Once I filtered based on that criteria, I calculated the mean and standard deviation for the remaining players, and used that to calculate a z-score, indicating how extreme (either positive or negative) that player’s numbers are relative to the mean. Generally, the higher the z-score, the better. A z-score of 4 for home runs is definitely someone I’d love to have on my team. I calculated z-scores for all of the scoring categories, multiplied strikeouts by -1 so they were all on the same scale (we want fewer strikeouts), and then I summed them all to get an overall z-score (I named this variable “tot_z”). This overall z-score looks at all the scoring categories and lets me know how that player compares to others.

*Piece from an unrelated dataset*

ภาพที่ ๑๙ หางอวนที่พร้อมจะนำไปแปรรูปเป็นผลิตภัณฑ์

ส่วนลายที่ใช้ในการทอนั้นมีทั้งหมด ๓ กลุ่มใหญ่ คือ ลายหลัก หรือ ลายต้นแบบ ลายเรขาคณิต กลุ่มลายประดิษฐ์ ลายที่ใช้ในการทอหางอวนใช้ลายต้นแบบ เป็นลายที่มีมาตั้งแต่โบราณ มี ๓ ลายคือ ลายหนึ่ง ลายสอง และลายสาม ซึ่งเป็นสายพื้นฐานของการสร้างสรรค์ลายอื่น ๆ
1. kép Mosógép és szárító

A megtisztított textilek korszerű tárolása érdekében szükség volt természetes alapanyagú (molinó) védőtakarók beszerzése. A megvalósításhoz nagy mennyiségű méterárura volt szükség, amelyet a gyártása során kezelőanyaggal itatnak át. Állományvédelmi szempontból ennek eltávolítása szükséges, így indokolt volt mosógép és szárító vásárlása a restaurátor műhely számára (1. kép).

(This is a similar calculation I used to compare the scoring categories with WAR in the first post. Same calculation, different intention.)

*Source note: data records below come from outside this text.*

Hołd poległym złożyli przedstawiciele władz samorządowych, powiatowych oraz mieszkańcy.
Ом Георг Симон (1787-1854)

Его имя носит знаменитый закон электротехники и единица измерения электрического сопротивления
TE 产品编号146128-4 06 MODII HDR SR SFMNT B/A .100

So now let’s look at our top players.
bat_z %>%
top_n(., 10, tot_z) %>%
arrange(desc(tot_z)) %>%
select(position, Name, R, HR, RBI, SO, SB, OPS, WAR, tot_z) %>%
knitr::kable()
position | Name | R | HR | RBI | SO | SB | OPS | WAR | tot_z |
---|---|---|---|---|---|---|---|---|---|
outfield | Mike Trout | 114 | 39 | 105 | 131 | 22 | 1.027 | 8.2 | 11.889 |
outfield | Giancarlo Stanton | 109 | 58 | 140 | 171 | 2 | 1.029 | 6.4 | 11.869 |
third_base | Nolan Arenado | 97 | 39 | 118 | 101 | 3 | 0.937 | 5.0 | 8.766 |
outfield | Bryce Harper | 100 | 35 | 102 | 122 | 10 | 0.984 | 5.6 | 8.646 |
first_base | Anthony Rizzo | 97 | 34 | 107 | 98 | 9 | 0.927 | 4.7 | 8.343 |
outfield | Mookie Betts | 100 | 24 | 90 | 73 | 23 | 0.871 | 5.6 | 8.184 |
first_base | Paul Goldschmidt | 101 | 31 | 103 | 147 | 17 | 0.927 | 4.3 | 7.618 |
second_base | Jose Altuve | 94 | 20 | 82 | 73 | 28 | 0.859 | 4.8 | 7.434 |
short | Carlos Correa | 96 | 30 | 113 | 121 | 8 | 0.894 | 6.1 | 6.873 |
first_base | Cody Bellinger | 91 | 39 | 110 | 159 | 13 | 0.882 | 3.6 | 6.782 |
outfield | Cody Bellinger | 91 | 39 | 110 | 159 | 13 | 0.882 | 3.6 | 6.782 |
Trout’s on top, not surprisingly.
There is considerable overlap between this list of names and players with high projected WAR, but now this list accounts for projected stolen bases, and projected strikeouts. This is much easier to keep track of in the moment.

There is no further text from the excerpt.